Software Engineer, Data Infrastructure
WFA Digital Insight
As the demand for AI and machine learning specialists continues to skyrocket, with a 25% growth in the job market over the past year, the need for skilled software engineers who can build and maintain high-performance data infrastructure has never been more pressing. Companies like Cohere are at the forefront of this revolution, offering a unique opportunity for professionals to work on cutting-edge projects. With the global AI market expected to reach
Job Description
About the Role
The Software Engineer, Data Infrastructure role at Cohere is a unique opportunity for a skilled professional to join a team of researchers, engineers, and designers who are passionate about building and deploying frontier models for developers and enterprises. As a key member of the data infrastructure team, you will be responsible for building and maintaining the high-performance data layer that the modeling teams rely on for training and evaluation jobs. You will work directly with petabyte-scale storage infrastructure, tackling the networking and performance challenges that come with it. The role is based in New York and offers a remote-flexible work arrangement, allowing you to collaborate with a global team of experts.The data infrastructure team is critical to Cohere's mission to scale intelligence and serve humanity. By building and maintaining the data infrastructure, the team enables the modeling teams to focus on developing and deploying AI models that can power a wide range of applications, from content generation to semantic search. As a software engineer on this team, you will have the opportunity to work on complex, large-scale data storage infrastructure and collaborate with top researchers and engineers in the field.
What You Will Do
- Design, build, and maintain petabyte-scale storage infrastructure to support the modeling teams
- Collaborate with researchers and engineers to identify and prioritize data infrastructure needs
- Work on the networking and performance challenges associated with large-scale data storage
- Develop and implement data processing pipelines to support the modeling teams
- Collaborate with the data science team to develop and implement data quality checks
- Work with the DevOps team to ensure seamless integration of data infrastructure with other systems
- Participate in the development of data infrastructure roadmaps and strategy
- Collaborate with cross-functional teams to identify and prioritize data infrastructure needs
- Develop and maintain documentation of data infrastructure systems and processes
- Participate in on-call rotations to ensure 24/7 support of data infrastructure systems
What We Are Looking For
- 4+ years of experience working on data storage infrastructure
- Strong command of Python
- Experience with Kubernetes, especially on the storage side (Persistent Volumes, CSI drivers, etc.)
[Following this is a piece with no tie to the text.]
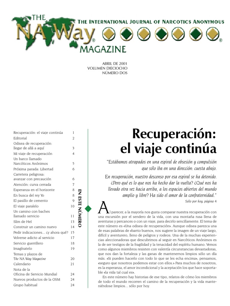 nimos, The NA Way Magazine ni Narcotics Anonymous World incluye desde cuestiones de actualidad a acontecimientos de importancia para cada uno de nuestros

- Ability to transform unstructured data into performant datasets across diverse storage backends
- Experience with distributed data processing frameworks such as Apache Beam, Spark, or Flink
- Strong understanding of data infrastructure and storage systems
- Experience working with cloud-based storage systems such as S3, GCS, or Azure Blob Storage
- Strong communication and collaboration skills
- Ability to work in a fast-paced environment and adapt to changing priorities
Nice to Have
- Familiarity with modern analytics tooling such as BigQuery, Airflow, or dbt
- Experience working with AI and machine learning models
- Knowledge of containerization using Docker
- Experience working with agile development methodologies
- Certification in data engineering or a related field
Benefits and Perks
- Remote-flexible work arrangement
- Opportunity to work with a global team of experts in AI and machine learning
- Collaborative and dynamic work environment
- Professional development opportunities
- Access to cutting-edge technologies and tools
- Comprehensive health and dental benefits
- Generous parental leave policy
- Flexible vacation policy
- Co-working stipend
- Opportunities for career growth and advancement
How to Stand Out
- Be prepared to discuss your experience working with large-scale data storage infrastructure and your approach to troubleshooting complex data issues.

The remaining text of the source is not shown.